__Records supplied__
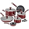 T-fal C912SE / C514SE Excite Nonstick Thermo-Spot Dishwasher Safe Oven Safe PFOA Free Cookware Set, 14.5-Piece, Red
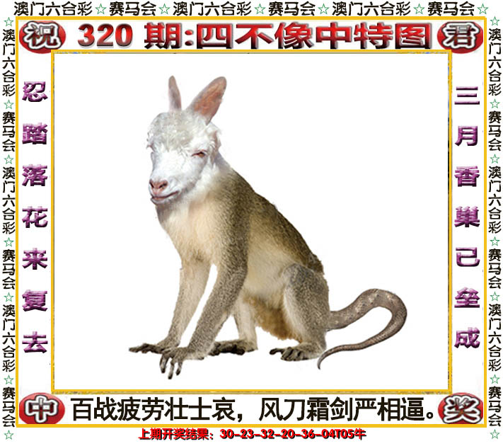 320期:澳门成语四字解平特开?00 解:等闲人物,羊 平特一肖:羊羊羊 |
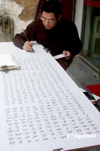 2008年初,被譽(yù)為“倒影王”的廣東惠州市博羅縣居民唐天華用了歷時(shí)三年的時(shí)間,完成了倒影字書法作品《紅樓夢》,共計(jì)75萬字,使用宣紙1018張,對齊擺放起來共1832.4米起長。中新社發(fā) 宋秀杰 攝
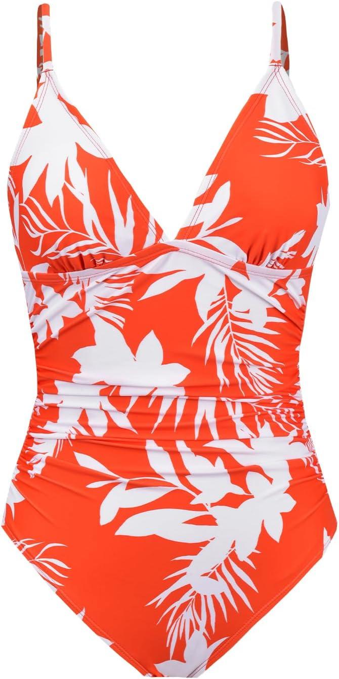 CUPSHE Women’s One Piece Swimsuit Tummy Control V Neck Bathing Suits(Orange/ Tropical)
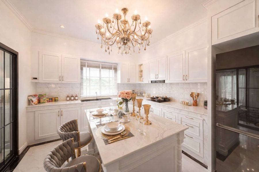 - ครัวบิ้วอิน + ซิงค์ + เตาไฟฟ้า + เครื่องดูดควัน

--

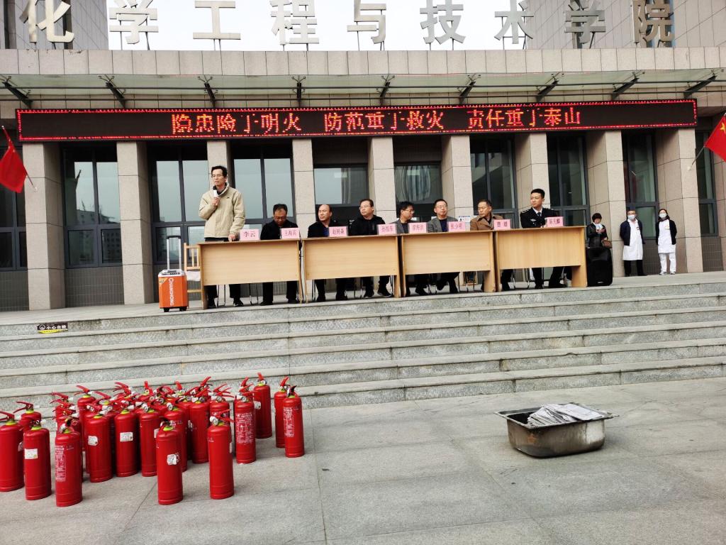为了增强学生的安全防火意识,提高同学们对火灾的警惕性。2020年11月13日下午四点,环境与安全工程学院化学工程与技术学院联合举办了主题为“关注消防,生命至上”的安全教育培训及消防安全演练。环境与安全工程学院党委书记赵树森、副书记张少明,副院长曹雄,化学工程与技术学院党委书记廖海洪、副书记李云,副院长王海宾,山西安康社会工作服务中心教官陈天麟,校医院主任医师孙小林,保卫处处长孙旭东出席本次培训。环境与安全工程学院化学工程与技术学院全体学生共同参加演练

__Work to be completed__
Print the part of the listing above that opens with the line containing "320期:澳门成语四字解平特开?00 解:等闲人物,羊 平特一肖:羊羊羊 |" and closes with the line containing "- ครัวบิ้วอิน +". Copy it exactly, both ends included, and omit the pictures.

__Written response__
 320期:澳门成语四字解平特开?00 解:等闲人物,羊 平特一肖:羊羊羊 |
 2008年初,被譽(yù)為“倒影王”的廣東惠州市博羅縣居民唐天華用了歷時(shí)三年的時(shí)間,完成了倒影字書法作品《紅樓夢》,共計(jì)75萬字,使用宣紙1018張,對齊擺放起來共1832.4米起長。中新社發(fā) 宋秀杰 攝
 CUPSHE Women’s One Piece Swimsuit Tummy Control V Neck Bathing Suits(Orange/ Tropical)
 - ครัวบิ้วอิน + ซิงค์ + เตาไฟฟ้า + เครื่องดูดควัน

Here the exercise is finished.